They sat down and Thanatos said something to Abaddon in Latin.

The door opened and a couple walked in. They were remarkably beautiful together. Sarah almost forgot about her food as she stared in awe.

"This is Hamish, and that's Desiree," Thanatos introduced them, repeating it for Abaddon. Then he said something to Abaddon, who rose from the table, towering over Sarah for a moment until he left her side.

The woman in the doorway was staring at Abaddon with something akin to shock, and obvious recognition. Abaddon charged across the room before landing on his knees in front of the beautiful woman. He said something to her, his voice breaking.

Sarah stood up in consternation as he gazed up at Desiree with obvious adoration that bordered on worship. The woman placed her hand on Abaddon's head and smiled at him with a tenderness that broke Sarah's heart.

Alexis touched her hand. "It's okay, she's the Sacred Mother," she whispered. "The gargoyle mother. He'll explain everything, I'm sure."

Then Alexis went back to watching the trio at the doorway, her hand on her belly as she leaned into Thanatos.

Unnoticed, Sarah fled the room. Abaddon was the first gargoyle...the father. This woman in the doorway was the mother... it didn't take a rocket scientist to understand. She didn't need the birds and the bees or the gargoyles explained to her.

Not aware of where she was going, she found a sliding glass door and rushed through it, barely remembering to close it behind her. She ran in bare feet across a manicured lawn until she reached the forest. She stumbled on for some time before she finally stopped. She never even noticed when she idly wished for sneakers and her skin reformed to give them to her. Instead, she kept going until she felt too tired to go on.

Then she laid back and stared up at the sky. She wished she was back in their underwater prison, and the woman now calling herself Desiree was a distant memory in Abaddon's mind. She probably should have read the woman's past, but somehow, she didn't want to know which one she was.

And she suddenly hated and despised Alexis. The other woman had taken it so casually, even smiling like it was the most wonderful thing to see Abaddon reunited with the gargoyle 'mother'.

A sound woke her many hours later, the bright sun overhead hurting her eyes as it had since she'd left the grotto. She looked around until she saw them. The woman, Desiree, stood beside a wolf that Sarah immediately recognized as the werewolf man who'd been beside her.

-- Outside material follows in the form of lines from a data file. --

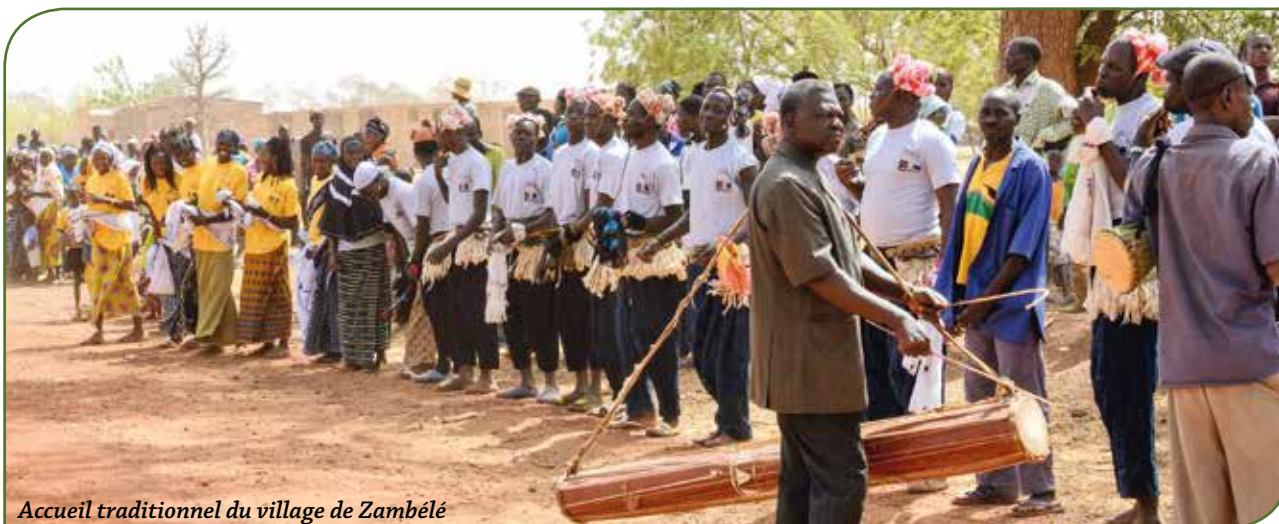
Accueil traditionnel du village de Zambélé

Dans le cadre du suivi des projets, une petite équipe du Service Coopération s'est rendue sur le terrain du 11 au 18 mars 2017. Cette année, la visite était un peu particulière car elle coïncidait avec la mise en place de nouvelles orientations prises dans le cadre du projet CTAA – Centre Technique d'Amélioration de la traction Asine. Ces changements ont été réalisés dans le but de s'adapter à l'évolution de la situation politique-économique-environnementale du Burkina Faso, mais également d'amorcer l'autonomisation du CTAA.
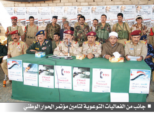
■ جانب من الفعاليات التوعوية لتأمين مؤتمر الحوار الوطني

نفذت امس فعاليات توعوية حول دور القوات المسلحة والأمن في تأمين الظروف الملائمة لنجاح مؤتمر الحوار الوطني. ففي محور تعز نفذت الفعاليات أمام منتسبي اللواء 22 مدرع حيث اشارت الكلمات والمحاضرات إلى ان القيادة السياسية ومعها كافة القوى السياسية والاجتماعية والوطنية يساندها الخيرون من الأشقاء والأصدقاء بذلت - وما تزال - الجهود الكبيرة لانجاح مؤتمر الحوار الوطني الذي انطلق أمس الاول - وستمثل نتائجه مخرجا وحيدا للوطن من مهددات الانقسامات ونذر الصراعات الكارثية. وأشارت الكلمات والمحاضرات إلى ان صهر المبادئ الوطنية في إطار الحوار الوطني الشامل سيهد التوجه الرسمي والشعبي إلى المسار الصحيح والمضي قدما باتجاه التغيير المنشود والتحديث والتأسيس لبناء اليمن الجديد، يمين العدالة والمساواة والحكم الرشيد. وفي محور الحديدة نفذت الحملة برنامجها أمام منتسبي مركز تدريب القوات الخاصة واللواء 10 صاعقة (عمليات خاصة) بحضور قائد المركز واللواء حيث أكدت الحملة ان المؤسسة العسكرية والأمنية مدعوة اليوم إلى النهوض بالمهام والواجبات الوطنية المؤكدة إليها والاضطلاع بالمسؤوليات الجسام التي تقع على عاتق هاتين المؤسستين. وفي المنطقة العسكرية الجنوبية نفذت
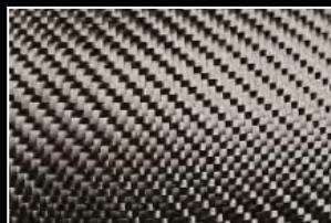
Fibra de Carbono Alto Modulo
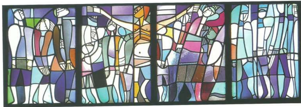
La salvació de la humanitat també arriba per a aquells que han estat víctimes dels bombardejos, gent famolenca, han patit de la guerra en general. El seu pelegrinatge els du al costat de la Creu del Senyor.

en un pelegrinatge de dolor i lluita. Responen a l'advertiment del llibre de l'Apocalipsi. Es posa l'èmfasi en l'especial crueltat amb què s'ha manifestat la caiguda de la naturalesa humana, i que Skudlik va viure en primera persona. El seu recull apocalíptic no segueix fil per randa el text neotestamentari, tal i com es fa en les miniatures dels Beats, o en les il·lustracions de la societat bíblica Watch Tower . Skudlik el redimensiona donant-li actualitat i emparentant-lo, en l'aspecte conceptual i ensems formal, amb el Gernika picassà. Així és com apareixen nous aspectes dolorosos, que Aiginger reconeix. Aquest diu que hi ha un camí de cadàvers; nosaltres afegim que, per sobre d'aquests, avança un carro de combat. Aiginger hi veu
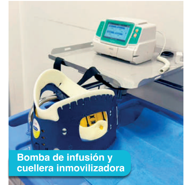
Bomba de infusión y cuellera inmovilizadora
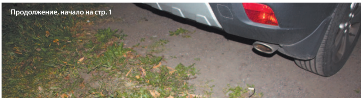
Продолжение, начало на стр. 1
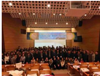
开学典礼合影留念

"What do you want?" she demanded. The woman already had Abaddon, what more could she possibly want?

"Do you mind if I sit down?" the woman asked.

"It's a free country," Sarah snapped with ill grace.

Desiree sat down, the wolf nudging his head into her lap. She patted him absently as she sat in silence for a while. After a tense few minutes, she asked, "Do you believe in reincarnation?"

"Yes," Sarah answered. "Of course."

"Why 'of course'?" Desiree asked.

"Never mind, it's not important. Why do you want to know?"

Desiree sighed. "You know, the first thing that we should get clear is that Abaddon and I have never been lovers. Not in any lifetime." When Sarah looked at her in surprise, she asked, "Now will you hear me out without hating me before I even get to explain myself, please? We don't have a lot of time; Abaddon's destroying Thanatos' house."

Grudgingly, Sarah nodded.

"When the sorcerers made Abaddon, they tied the essence of his transformation to the soul of a human woman. Then they locked her up and kept her safe--a relative term, believe me. They took all of her small clan hostage. When a human reincarnates, they must reincarnate back into a clan, and they intended to protect all of her clan for their own purposes, and always control her."

The wolf lifted his head, and she looked down as if listening. She nodded. "And, as Hamish pointed out, they also wanted to be sure that they could continue to reproduce gargoyles as they saw fit."

"But Abaddon was forced to be with a lot of different women. They were all from her clan?"

"No," Desiree answered. "They were never from her clan. They feared that if her soul returned, it might come back in one of the gargoyles, and then they couldn't kill that one if they wanted to." She shifted uncomfortably on the fallen tree before continuing. "The ability of the gargoyles to reproduce was tied to her soul. It has nothing to do with a physical connection at all. When she's alive somewhere in the world, her soul is incarnate and gargoyles can reproduce. When she is dead, they can't."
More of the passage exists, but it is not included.